After the will had been admitted to probate and the
administrator appointed, in February, 1885, in the petition filed
in the equity suit, supported by the affidavits of these witnesses,
they treated the writings in question as a valid will of David
McIntire and asserted rights under it. The testimony given by these
witnesses as to the alterations in the will is as follows:
Mrs. Galliher testified that she read over the papers when they
were found, and that the one dated January 1, 1880, originally bore
the date January 1, 1884, while the one now dated January 7, 1880,
originally read January 1, 1880, and the latter paper had on it the
words "of the city of," instead of the words, as now, "of this
city;" that the document was written on a new, full-length sheet of
paper, one-eighth of which is now missing, and "looked as if it had
been just written, folded, and put in the chest." The two papers
were disjoined. The next she saw of the papers after Edwin A.

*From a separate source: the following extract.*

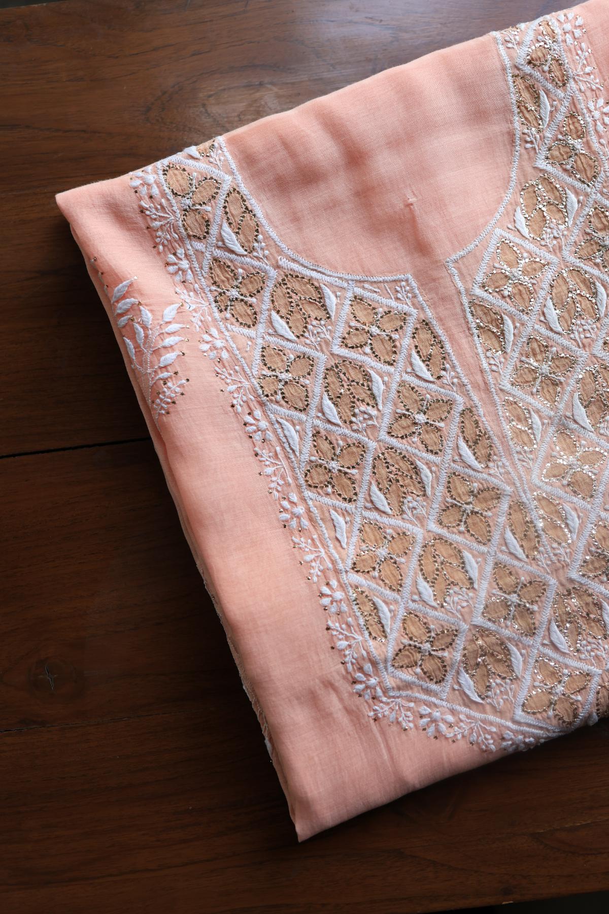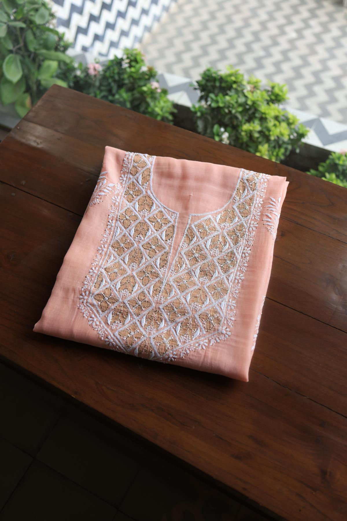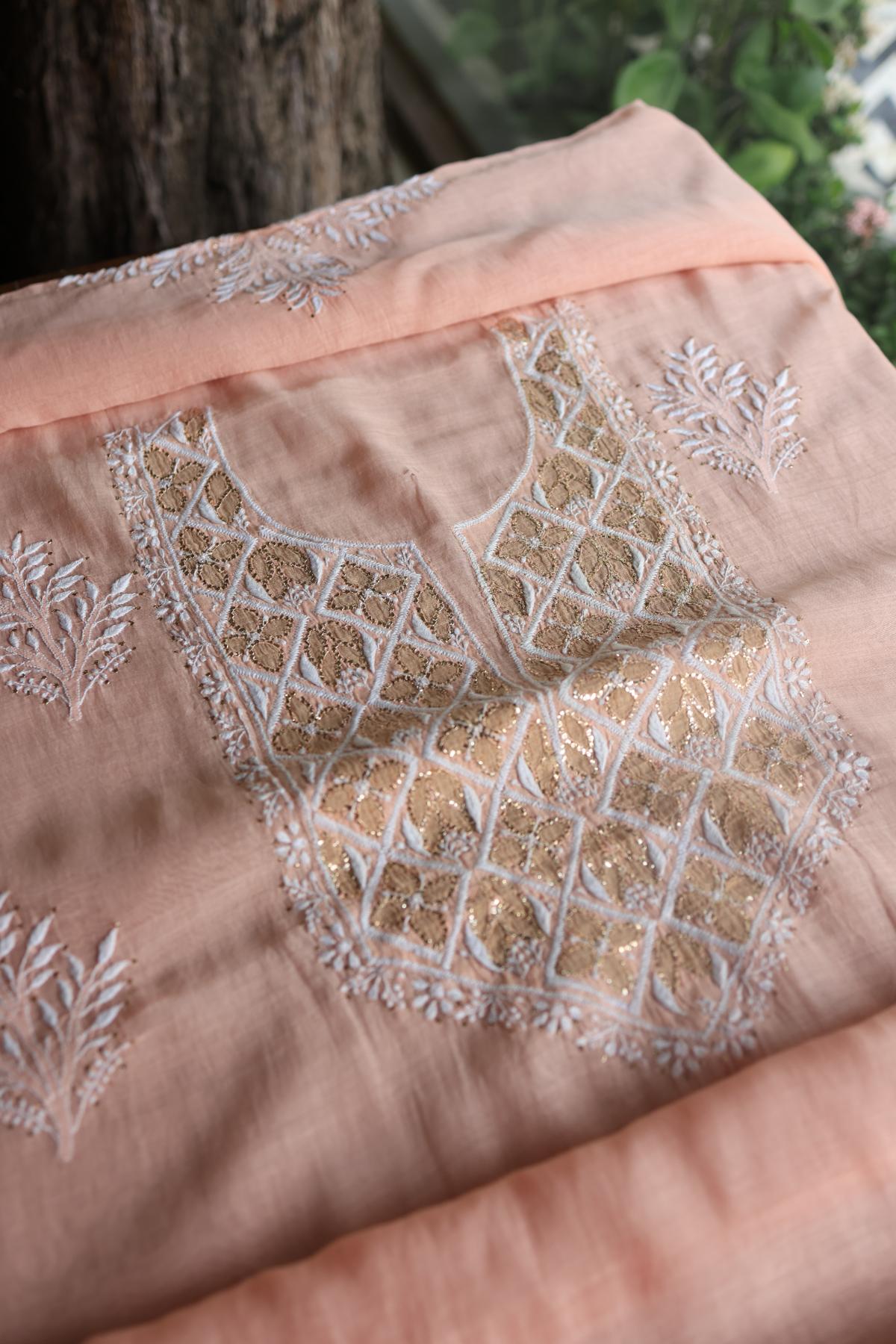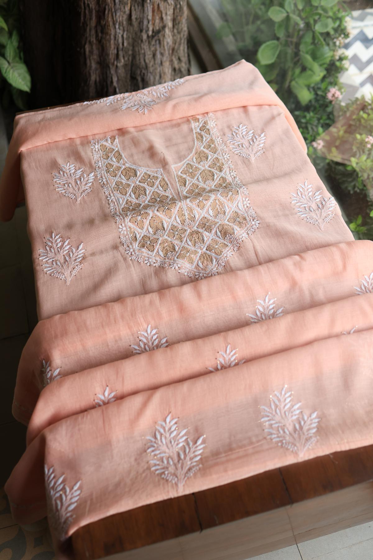 Each piece is crafted with intricate hand-embroidered Chikankari, featuring different traditional embellishments:

McIntire retained possession of them was in the probate court on
April 8, 1884, when she deposed to their genuineness. She said she
then noticed the change in the date and the alteration of the words
"of the city of," and called the attention of her uncle (E. A.
McIntire) thereto, who replied that he thought it better to have
them both one date, and that he altered the will to read "of this
city," "because otherwise he would have to take it to Philadelphia
to probate it, and he could not give bond there." Mrs. Galliher
further testified that she did not think she noticed at that time
that a part of the will had been
Page 162 U. S. 393
torn off. She was asked the question, "At the time of signing
this affidavit, did you know that those papers had been altered and
mutilated?" and answered:
"Yes, sir, but, as I said, Mr. McIntire told me that that made
no difference. I had perfect confidence in him. He was is lawyer,
and I knew nothing about it. He was my uncle, and I thought I could
trust him."
The witness also testified that she remembered particularly that
upon the paper originally dated 1884 there was contained a bequest
of the testator's glasses to those who would take them or have
them. She was asked, "Did you know whether there was any other
writing on the papers?", and answered, "That I don't remember."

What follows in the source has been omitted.